Crack A Big 🙂
As writers, we’ve loathed what instant messaging has done to people. While we meticulously craft our sentences and use whole words, there’s usually an idiot at the other end tryn 2 tlk lk ths. Of course, that doesn’t mean we don’t love the medium.
There are many who believe that IM throws sand in the face of the statement that you lose about 85 per cent of communication when you’re not face-to-face. That idea would make sense when we’re talking about letters, but this is instant messaging we’re talking about. IM isn’t writing, it’s speaking. In text. And now, it’s been proved that IM is just as successful at communicating emotion as regular interaction.
Jeffery Hancock at Cornell University asked 44 volunteers to chat with a partner for about 20 minutes, find out more about each other and discuss their woes. Before the chat, one partner from each pair was shown either a particularly depressing scene from Sophie’s Choice, or a boring video of a small talk. After the chat, the participants were asked to comment on their partners’ mood, and surprisingly enough, all of them were dead accurate. Even more surprising, people who were paired with partners who had watched Sophie’s Choice actually felt sadder than they did before the chat.
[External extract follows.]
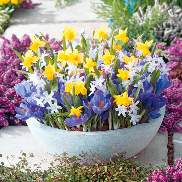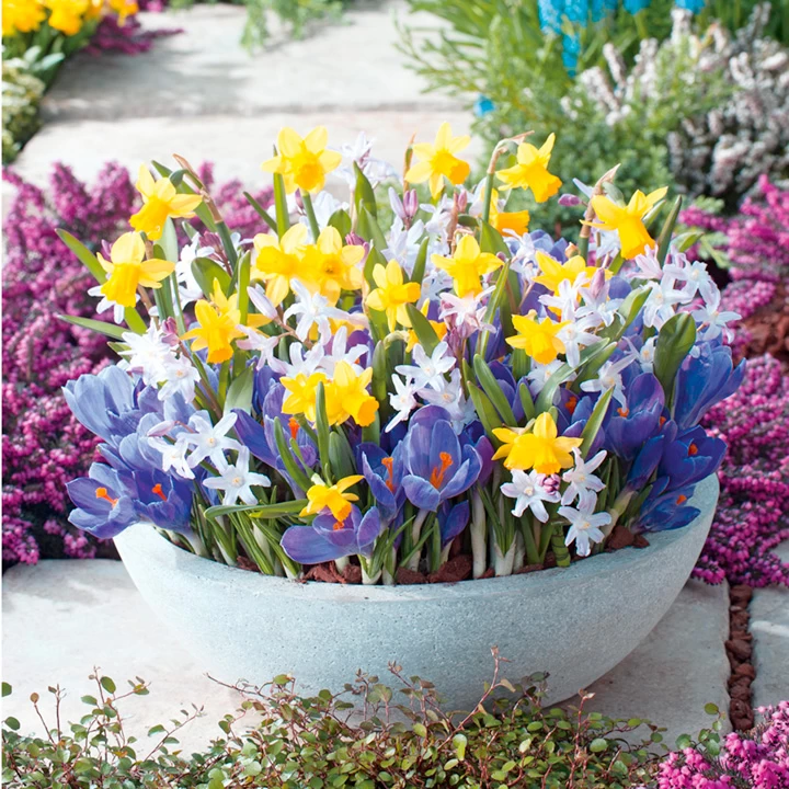A specially selected mix of miniature flowered bulbs for your favourite pots or baskets providing colour to patios and balconies. Mix contains 30 bulbs of the varieties: Crocus Blue, Chionodoxa White, Narcissus Tete a Tete. Flowers March and May. Height 10-20cm.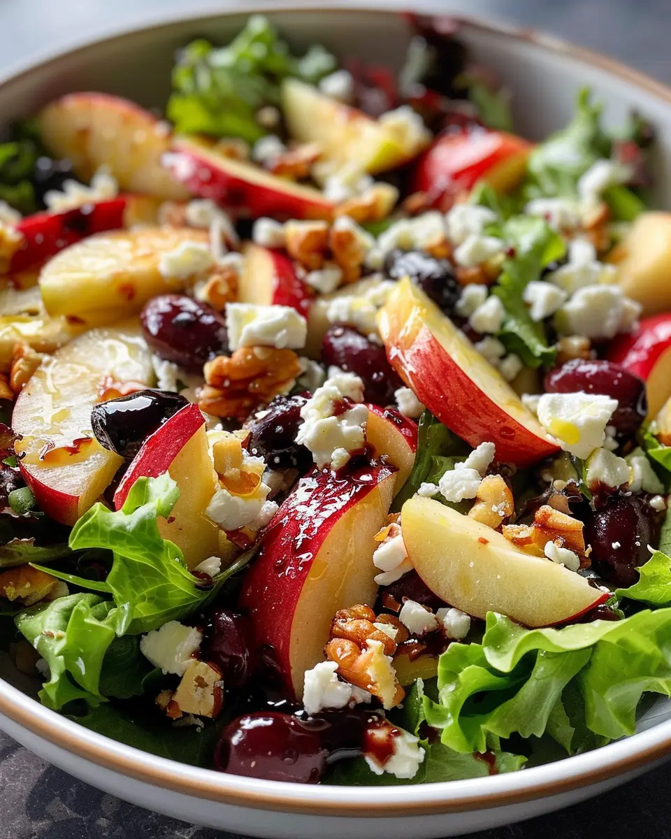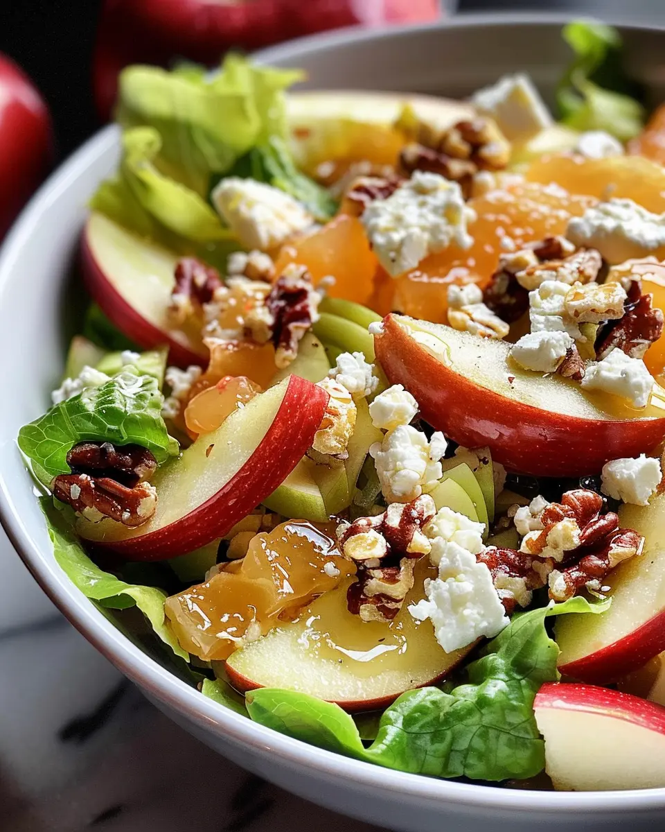 In fact, studies have shown that incorporating a variety of ingredients—like fruits and nuts—can actually enhance the satisfaction and enjoyment derived from meals (source: Harvard Health). So why not take a moment to savor this Honeycrisp Apple Feta Salad? It’s more than just food; it’s a celebration of flavors that can fit seamlessly into your lifestyle. Explore the recipe below and discover how easy it is to create a meal that’s both nourishing and indulgently tasty!

Of course, there will be many who disagree — face-to-face is the only way, they’ll say. And that’s understandable. For many of us, IM has become second nature, but we can’t really see ourselves saying “OMG!” to our parents, who would likely not be as comfortable with IM as we are. We’re willing to wager that most of, if not all, the participants were young, and have grown up IM-ing. As we’ve used the medium, so have we adapted to it, and made it almost as good as personal interaction.